● **What the exercise asks**
Output the whole listing exactly, with no pictures.

● **Input**

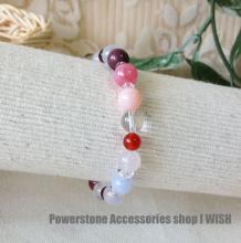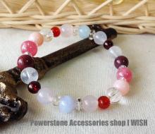 カーネリアン・ガーネット・ピンクオパール・インカローズ・モッカイト・ピンクカルセドニー・ブルーレースアゲート・アクアマリン・ムーンクォーツ・水晶で構成しております。
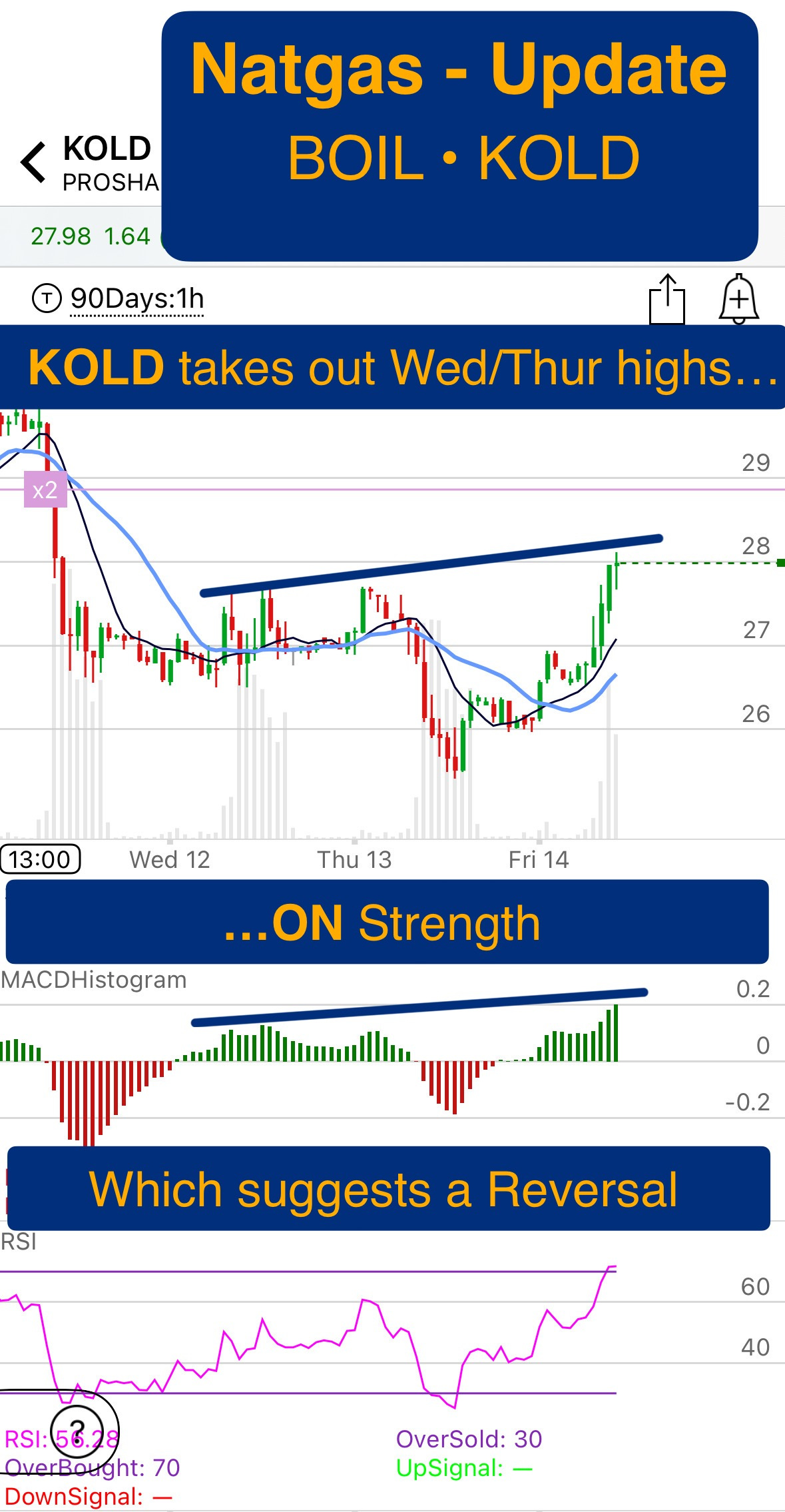 Well, today KOLD has taken out highs of Wednesday and Thursday on strength. For those who held short Natural Gas in KOLD, I commend you and your stubborness. I also commend those of you wise enough to exit this grueling beast of a trade.
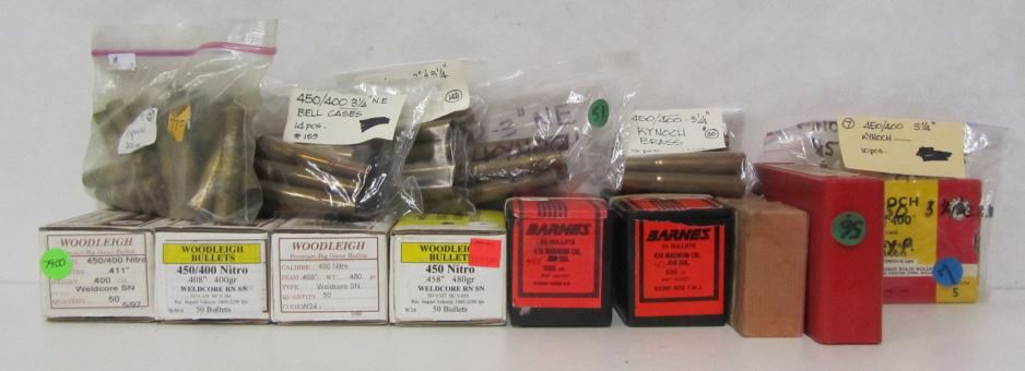 TWO BOXES OF WOODLEIGH 450NITRO .458" DIAM 480GR BULLETS, ONE BOX OF WOODLEIGH 450/400NITRO .411"DIAM 400GR BULLETS, ONE BOX OF WOODLEIGH 450/400NITRO .408"DIAM 400GR BULLETS, TWO BOXES OF BARNES 458MAG .455"DIAM KYNOCH, BAG OF 450/400 BELL BRASS, BAG OF 20 PIECES 450 #1 EXPRESS BRASS, BAG OF 5 PIECES 400 KYNOCH BRASS, BAG WITH TWO BOXES OF 5 PIECES 450/400 KYNOCH BRASS.
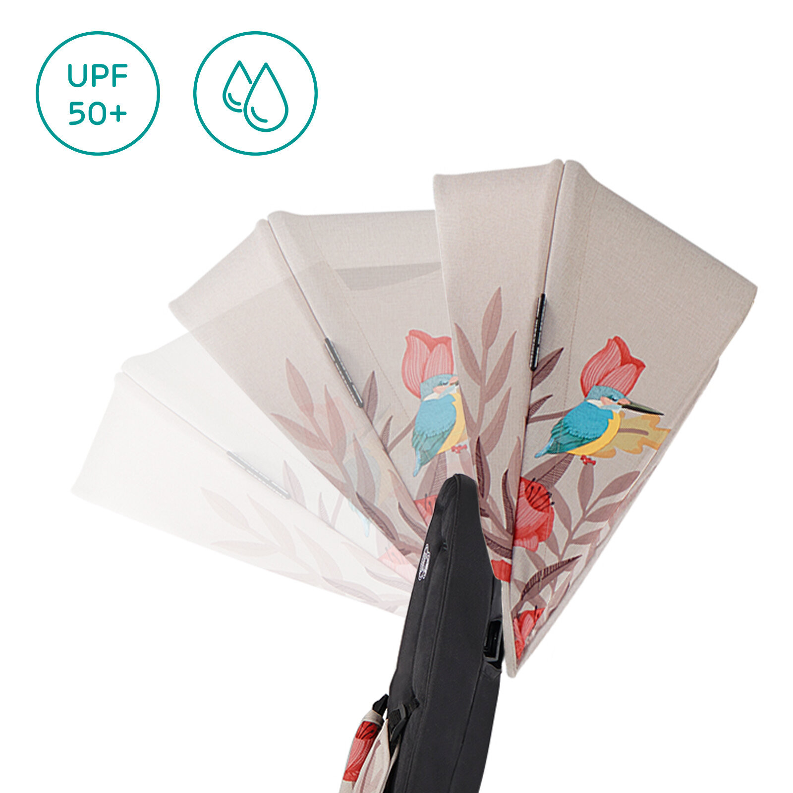 • Широк водоустойчив сенник от UPF 50+ плат, който може да се пере в пералня;
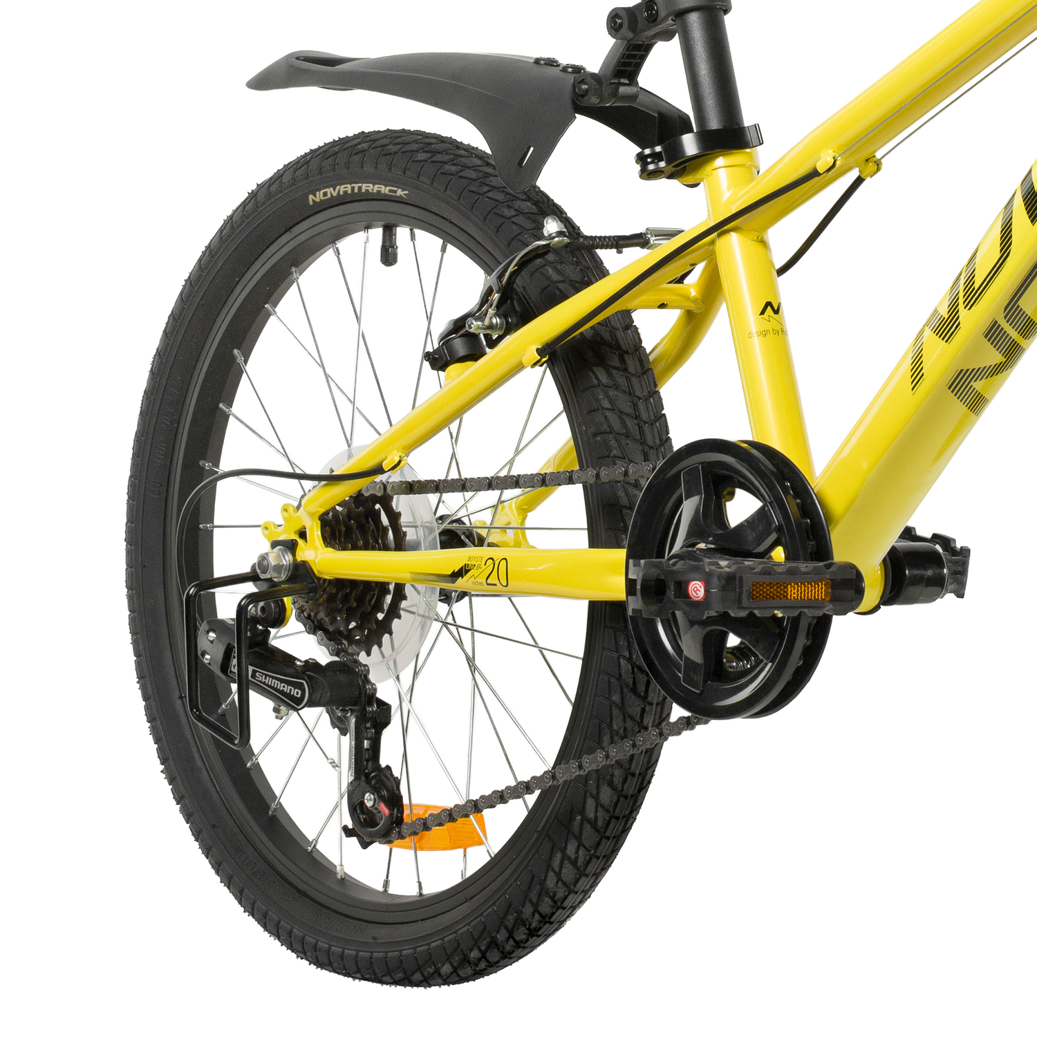 Велосипед, предназначенный для детей в возрасте от пяти до девяти лет, с оборудованием начального класса Shimano, 6 скоростей. Технические особенности: прочная стальная рама (открытая проводка, прямой рулевой стакан, кареточный стакан BSA, крепление калипера IS), амортизационная вилка (крепление под V-brake), двойные алюминиевые обода (под AV ниппель), надежные ободные тормоза Sparkle V-brake (стальные рычаги), пластиковые крылья, защита цепи, защита заднего переключателя, катафоты, звонок, подножка. Подходит для обучения и прогулочного катания в городских условиях. Диаметр колес - 20 дюйма. Вес - 13,4 кг.

● **Your solution**
 カーネリアン・ガーネット・ピンクオパール・インカローズ・モッカイト・ピンクカルセドニー・ブルーレースアゲート・アクアマリン・ムーンクォーツ・水晶で構成しております。
 Well, today KOLD has taken out highs of Wednesday and Thursday on strength. For those who held short Natural Gas in KOLD, I commend you and your stubborness. I also commend those of you wise enough to exit this grueling beast of a trade.
 TWO BOXES OF WOODLEIGH 450NITRO .458" DIAM 480GR BULLETS, ONE BOX OF WOODLEIGH 450/400NITRO .411"DIAM 400GR BULLETS, ONE BOX OF WOODLEIGH 450/400NITRO .408"DIAM 400GR BULLETS, TWO BOXES OF BARNES 458MAG .455"DIAM KYNOCH, BAG OF 450/400 BELL BRASS, BAG OF 20 PIECES 450 #1 EXPRESS BRASS, BAG OF 5 PIECES 400 KYNOCH BRASS, BAG WITH TWO BOXES OF 5 PIECES 450/400 KYNOCH BRASS.
 • Широк водоустойчив сенник от UPF 50+ плат, който може да се пере в пералня;
 Велосипед, предназначенный для детей в возрасте от пяти до девяти лет, с оборудованием начального класса Shimano, 6 скоростей. Технические особенности: прочная стальная рама (открытая проводка, прямой рулевой стакан, кареточный стакан BSA, крепление калипера IS), амортизационная вилка (крепление под V-brake), двойные алюминиевые обода (под AV ниппель), надежные ободные тормоза Sparkle V-brake (стальные рычаги), пластиковые крылья, защита цепи, защита заднего переключателя, катафоты, звонок, подножка. Подходит для обучения и прогулочного катания в городских условиях. Диаметр колес - 20 дюйма. Вес - 13,4 кг.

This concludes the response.